As a professional I always look for the best quality product for the customer and if I know the surface was not prepped correctly I would do it correctly. Period. Spot testing for bonding on a job where you know for a fact it was not primed when it should have been is not only unprofessional but unethical.


----------



## avenge (Sep 25, 2008)

Skyvorima said:


> The BEST approach would be to strip off the topcoat because it was not PRIMED. You cannot expect a paint job to have the longest life when it was not properly prepped. Anyone who has been paint for more than five minutes can comprehend that principle.
> 
> Once again you are misrepresenting what was posted because I did not make a universal claim that you cannot prime over a topcoat. I said you cannot prime over a topcoat that never received proper prep and expect the paint job to last as long as one where the correct prep was completed. You can prime over this topcoat the the life of the project will be reduced due to the fact it was not primer prior to the topcoat. I also posted the link showing jobs last longer with one coat of primer and one coat of finish versus two coats of finish and no primer.
> 
> ...


How the hell do you know if the surface was never primed? How do you know the surface was scraped and sanded? You have your head up your ass. Do really believe that every "NEW" surface has to be primed under Resilience? It that were the case then Resilience is basically useless. 

In this particular case the use of primer is not being recommended due to the existing surface being "NEW" or bare. It is due to the color and the crap paint. It's common knowledge that prep is the main factor for a lasting paint job, that doesn't mean that every "NEW" or previously painted surface has to be primed. According to you this job is screwed unless it's completely stripped, you are wrong.

As a professional I will depend on the spec sheet nothing else and in those there nothing abnormal nor anything concerning "NEW". You are misinterpreting the word "NEW" which is typical of SW. Go ask your know it all paint rep what exactly "NEW" means.

I think the OP has enough common sense not to ask you anything. By the way I'm not the only one totally disagreeing with you.


----------



## avenge (Sep 25, 2008)

Skyvorima said:


> As a professional I always look for the best quality product for the customer and if I know the surface was not prepped correctly I would do it correctly. Period. Spot testing for bonding on a job where you know for a fact it was not primed when it should have been is not only unprofessional but unethical.

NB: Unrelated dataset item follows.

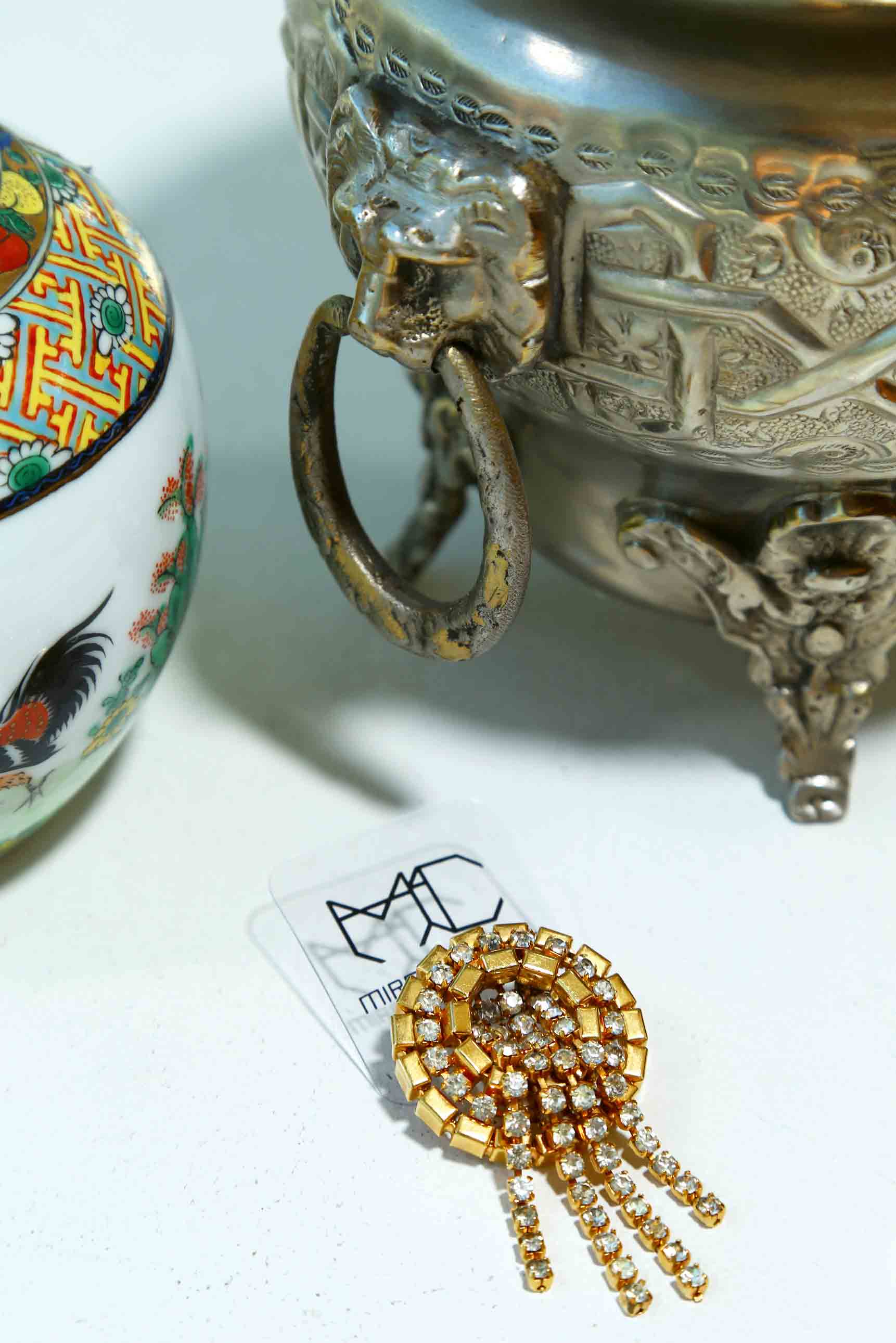 En etkilendiğim parçalardan biri 1920’li yıllara ait olan, turkuaz taşlı ve incili el yapımı broştu. Bir diğeri ise 1940’lı yıllara ait kesme kristal taşlı çok farklı bir teknikle örgü metallerle süslenmiş saç iğnesi. Hâlâ son sahibini bekliyor.

Well that's bull if you're using Resilience you're not using the best. I assume you do a lot of paint stripping.:whistling


----------



## 91782 (Sep 6, 2012)

avenge said:


> Well that's bull if you're using Resilience you're not using the best. I assume you do a lot of paint stripping.:whistling


God, I hope he's not a bleeder....


----------



## carzie (May 21, 2013)

Skyvorima said:


> Doesnt have to be bare wood for that failure. If those are new clapboards the problem is they did not prime before application. That is why
> 
> FOR THE SEVENTH TIME
> 
> ...


 "New surfaces " to me means a surface that does not have a previous coatings, and I'm sure the vast majority of painters see it this way. If SW meant any surface that doesn't have a a coating of Resiliance on it then it should be primed then they should state it that way. In my eyes if this stuff will not perform properly on previously painted and prepared surfaces then it should not be on the market. 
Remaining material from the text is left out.